• **Exercise brief**:
Exactly the lines from the one containing "Malvorlagen - Mulan" through the end of the listing below are required, restated word for word and without pictures.

• **Available data**:
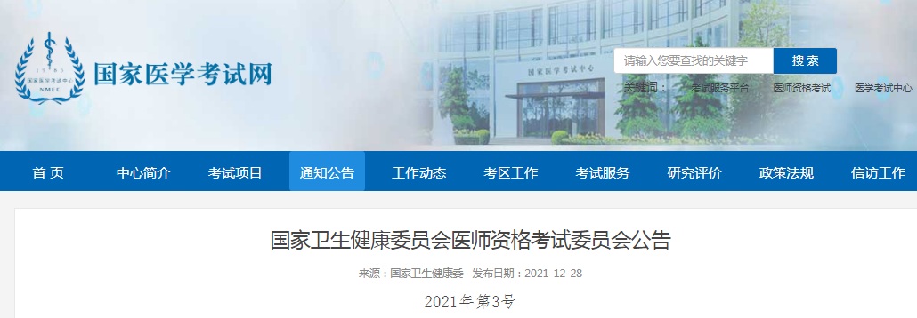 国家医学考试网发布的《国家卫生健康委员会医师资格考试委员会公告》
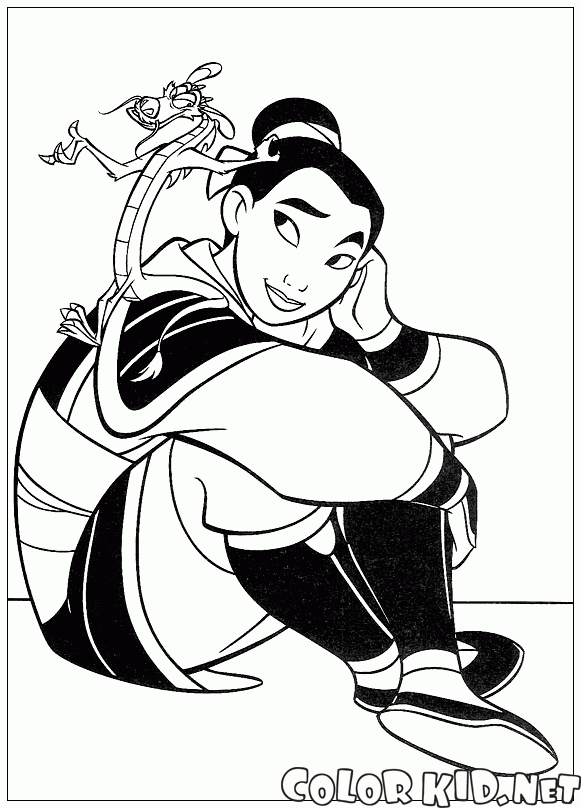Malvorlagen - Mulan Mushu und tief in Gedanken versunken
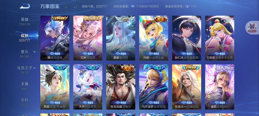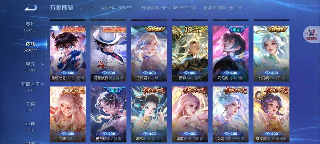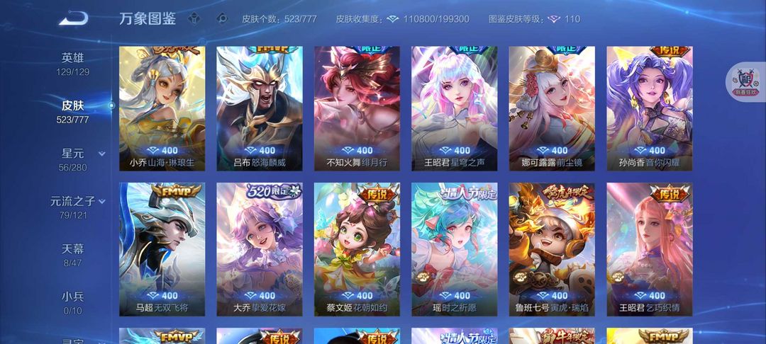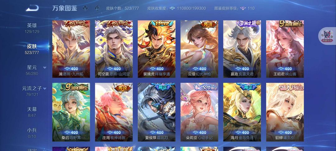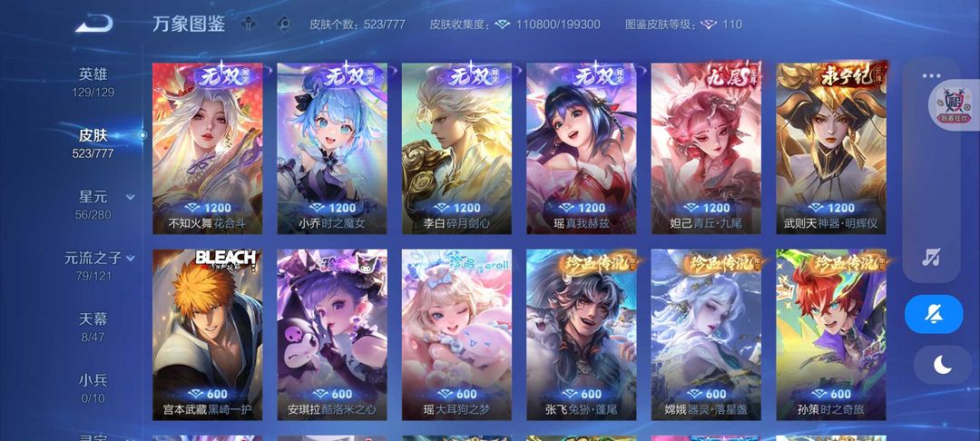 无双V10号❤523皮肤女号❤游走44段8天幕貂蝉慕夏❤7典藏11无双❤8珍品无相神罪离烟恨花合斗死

• **Output for this task**:
Malvorlagen - Mulan Mushu und tief in Gedanken versunken
 无双V10号❤523皮肤女号❤游走44段8天幕貂蝉慕夏❤7典藏11无双❤8珍品无相神罪离烟恨花合斗死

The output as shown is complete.